The perfect sprawl......


----------



## cwag (Apr 25, 2017)

Rukie and my granddog have perfected the double decker dog couch routine.


----------



## FurdogDad (Mar 30, 2021)

That IS impressive....I'm gonna have to hide my phone so Murph and Lola don't see that....


----------



## CAROLINA MOM (May 12, 2009)

It's funny how most of us start out thinking my dog(s) will never be on the Couch, when in reality all of our dogs are sprawled out on the couch or in their favorite chair.


----------



## Mango’s Mum (Mar 22, 2021)

So glad it’s not just us! 😂 Mango was ONLY allowed on the couch if he was on someone’s lap. This went on for months… he grew and grew and grew and before you know it only his head would fit on a lap. Eventually it was, oh, might as well let him sleep there alone as he looks so happy!

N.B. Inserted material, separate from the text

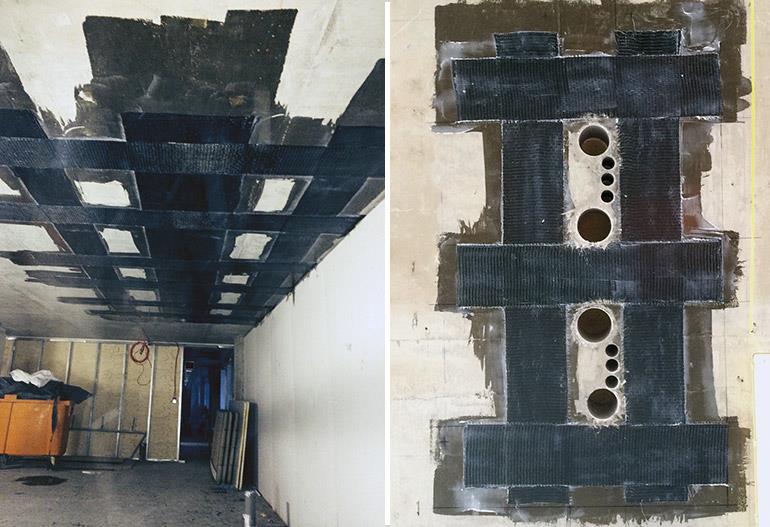 • Slab strengthening for service penetrations using Tyfo SCH Carbon Fibre Systems

Fail.


----------



## FurdogDad (Mar 30, 2021)

Oh, so now we wanna talk lap dogs....


----------



## CAROLINA MOM (May 12, 2009)

"Oh, so now we wanna talk lap dogs...."


My bridge boy used to lay on my lap and watch TV with me.


----------



## michaeldwilson (Aug 14, 2012)

We absolutely do not allow the dogs on the couch.


----------



## FurdogDad (Mar 30, 2021)

Way to stand strong.....


----------



## laurab18293 (Oct 6, 2021)

Yeah this lasted about two days in my house. going strong at grandmas unless papa around then all the couch snuggles....shhh dont grammy. hehe


----------



## FurdogDad (Mar 30, 2021)

I'll never tell.......


----------



## DevWind (Nov 7, 2016)

Um yeah…no dogs on the furniture ……


----------